Determination of metal affinity to the active site of metalloenzymes constitutes an integral part in the understanding of enzyme catalysis and regulation. Nonlinear curve fitting of metal titration curves using the multiple independent binding sites (MIBS) model was adapted to determine K(D) values based on functional enzyme concentrations. This approach provides a more accurate evaluation of K(D) compared with existing methods that are based on total protein concentrations. We applied this concept to methionine aminopeptidase from Mycobacterium tuberculosis and showed that it is a monometalated enzyme with a K(D) of 0.13 microM for Co(2+).
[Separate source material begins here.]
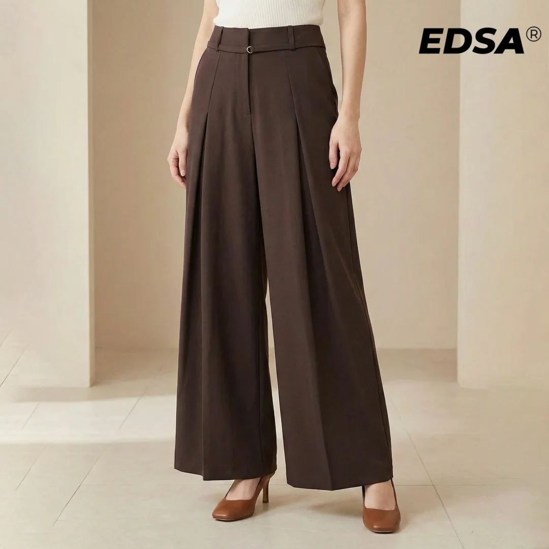 EDSA Calça feminina solta de perna larga com cinto fino cintura alta cor sólida calça comprida combinada

Metalloform-selective inhibitors of escherichia coli methionine aminopeptidase and X-ray structure of a Mn(II)-form enzyme complexed with an inhibitor.

Methionine aminopeptidase (MetAP) enzymes require a divalent metal ion such as Mn(II), Fe(II), Co(II), Ni(II), or Zn(II) for its removal of the N-terminal methionine from newly synthesized proteins, but it is not certain which of these ions is most important in vivo. Metalloform-selective MetAP inhibitors could be valuable for defining which metals are physiologically relevant for MetAP activation and could serve as leads for development of new therapeutic agents. We have screened a library of 43 736 small drug-like molecules against Escherichia coli MetAP and identified two groups of potent and highly metalloform-selective inhibitors of the Co(II)-form, and of the Mn(II)-form, of this enzyme. Compound 1 is 790-fold more selective for the Co(II)-form, while compound 4 is over 640-fold more potent toward the Mn(II)-form. The X-ray structure of a di-Mn(II) form of E. coli MetAP complexed with the Mn(II)-form-selective compound 4 was obtained, and it shows that the inhibitor interacts with both Mn(II) ions through the two oxygen atoms of its free carboxylate group. The preferential coordination of the hard (oxygen) donors to Mn(II) may contribute to its superb selectivity toward the Mn(II)-form.